Figure 8a–c presents the cluster-wise speedup gained by the proposed model over other workflows while running on 8 nodes, 16 nodes, and 32 nodes clusters respectively for all datasets. The scalability analysis of all workflows show that the proposed framework is highly scalable as it has achieved good speedup on 8, 16, and 32 compute nodes. Figure 9 shows the average speedup measurement analysis of 8, 16, and 32 nodes real compute clusters for all datasets its analysis presents that the proposed framework outperforms than others on all datasets.

Figure 8. The graphs (a–c) show the speed up analysis of the proposed workflow in comparison with existing workflows running on various nodes: 8, 16, and 32 nodes respectively. On all number of nodes, the proposed workflow achieved higher speedup as compared to other workflows on both Sorghum and Human genome datasets. Results analysis elucidates that the proposed workflow is robust in gaining speed up.

Figure 9. Average speed up analysis of the proposed workflow in comparison with existing workflows on a number of various nodes. The graphical representation shows that the proposed workflow achieved higher speedup performance on average of all clusters and datasets as compared to other frameworks.

4. Conclusions

SNP is a variation of a single nucleotide that exists at a particular locus in the genome, where respective variant exists to a noticeable degree in the population of a residence. Detecting SNPs in high dimensional genomic data is difficult, due to the growing number of genetic variations in genome sequences. It is helpful in biological research to assess an individual’s reaction to certain drugs, defenselessness towards environmental factors like toxins, and risk of disease.
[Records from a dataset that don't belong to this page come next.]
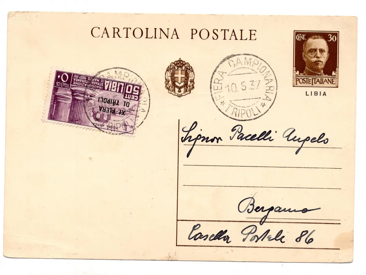 Postkarte - Libyen - XI Luftpostmesse Cent. 50 Nr. 32 auf Postkarte Cent. 30 Imperiale reiste am 10.5.37 von Tripolis nach Bergamo - ab Jahrgang guller der Mustermesse - Ungewöhnlich - Kat. euro 180 Cod. 1078/17
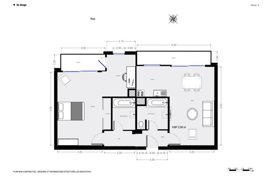 Surface loi carrez totale de 64,89m² et 2 balcons de 5,69m² et de 3,78m².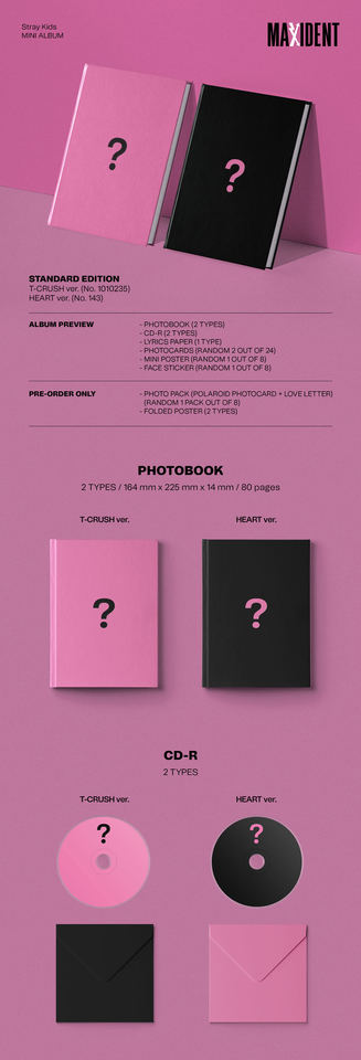 Stray Kids [MAXIDENT] (T-CRUSH Ver. / HEART Ver.) Standard Edition (Random Version) Korean Language for All Ages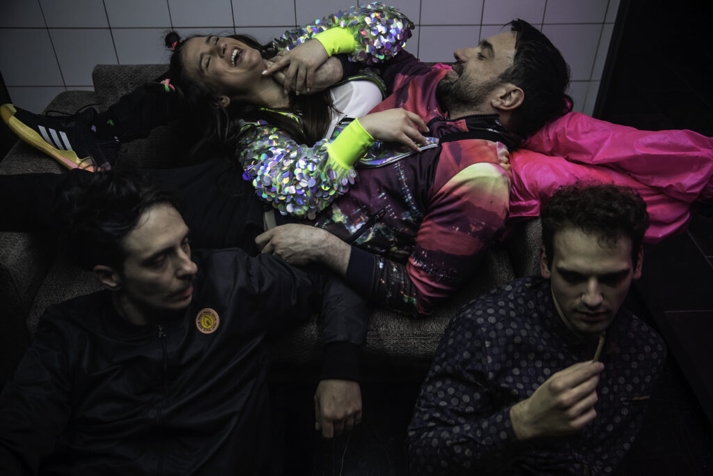 God is a DJ, and his name is Kosta. He is enthroned high above us, on an altar of metal and neon lights, tuning the techno beats on his mixing console. Just before he raises his voice to preach to the crowd, a staggering flash of light strikes the disco ball above his head, leaving behind a nimbus-like crown to honour his holiness. Then, with a tone vast and alluring, he whispers into the mic: “I look at those lost and sweaty faces. And I see people who are finding themselves in the hope of receiving some kind of catharsis. And I like to believe that it is I who brings it to them. That tonight, I am your God.” And so it begins.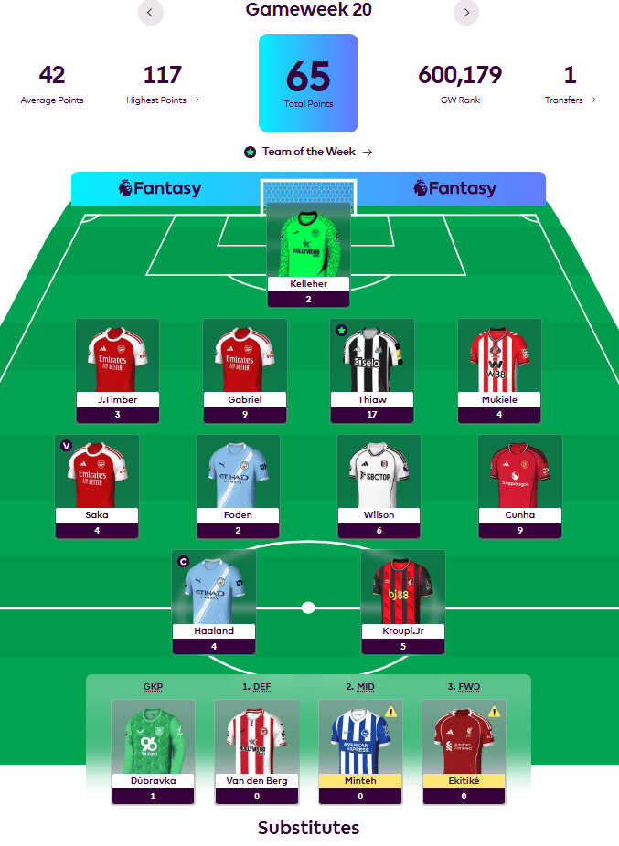 Kroupi, Wilson & Mukiele combined for 15 points, and Van Den Berg politely stayed unused. Bench boost vibes without the Bench Boost chip 😮💨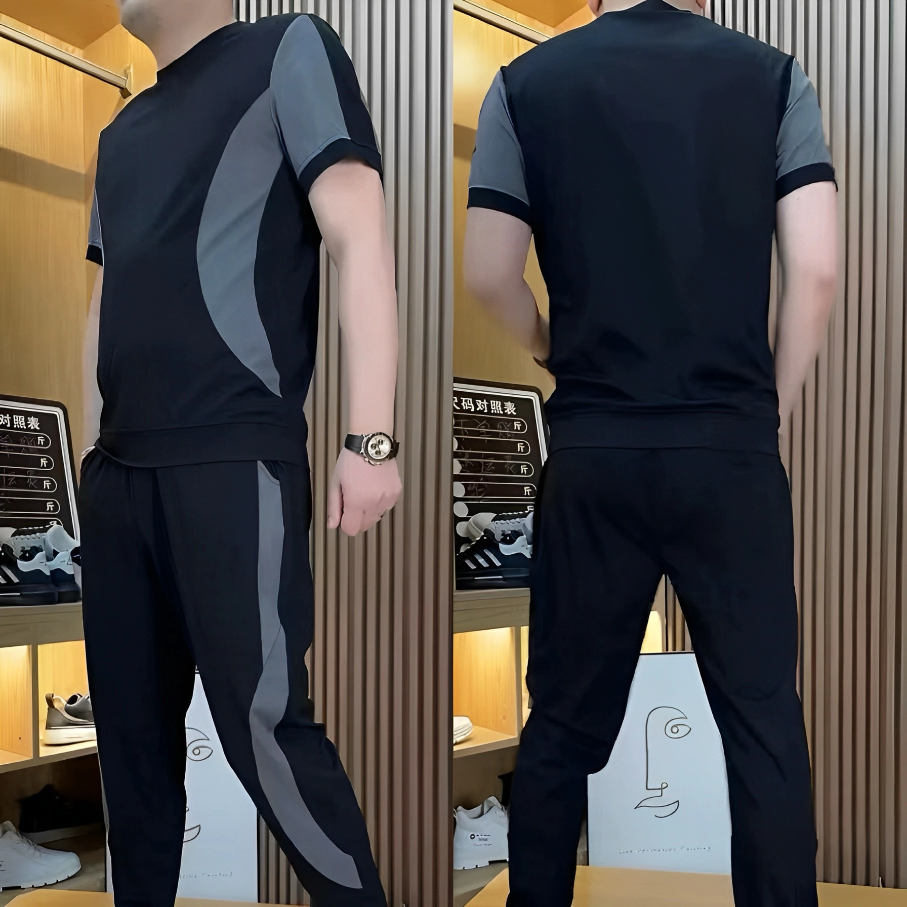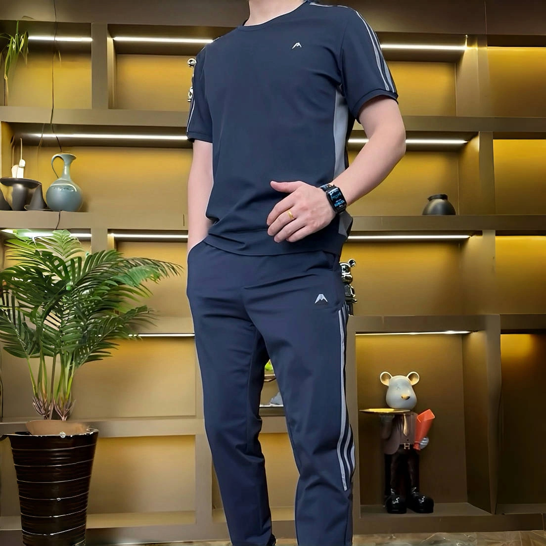Men's Suit 2025 Autumn New Personalized Striped Cool Breathable Trendy Simple Comfortable Ice Silk Two-Piece Set

The Hadoop is a novel platform using the Map-Reduce programming framework which runs on any cluster only with the prerequisite of Java. It provides the scalability, reusability, and reproducibility features. The Hadoop Map-Reduce can also be used for fast computation and processing to detect the SNPs in genome sequences. Hadoop Map-Reduce proves the capability to process NGS data to detect the SNP in less time with higher accuracy. In this research study, we proposed Hadoop based framework integrated with Heap for SNPs detection which enhances the SNPs detection rate and optimizes the execution time. The proposed framework is executed on a various number of nodes with different configurations. To validate the framework, different benchmark datasets have been used and the results are recorded for comparison with other state-of-the-art pipelines. This research contributed as a novel framework for SNP detection which has improved the SNPs detection rate, optimized the execution time and mined SNPs as well.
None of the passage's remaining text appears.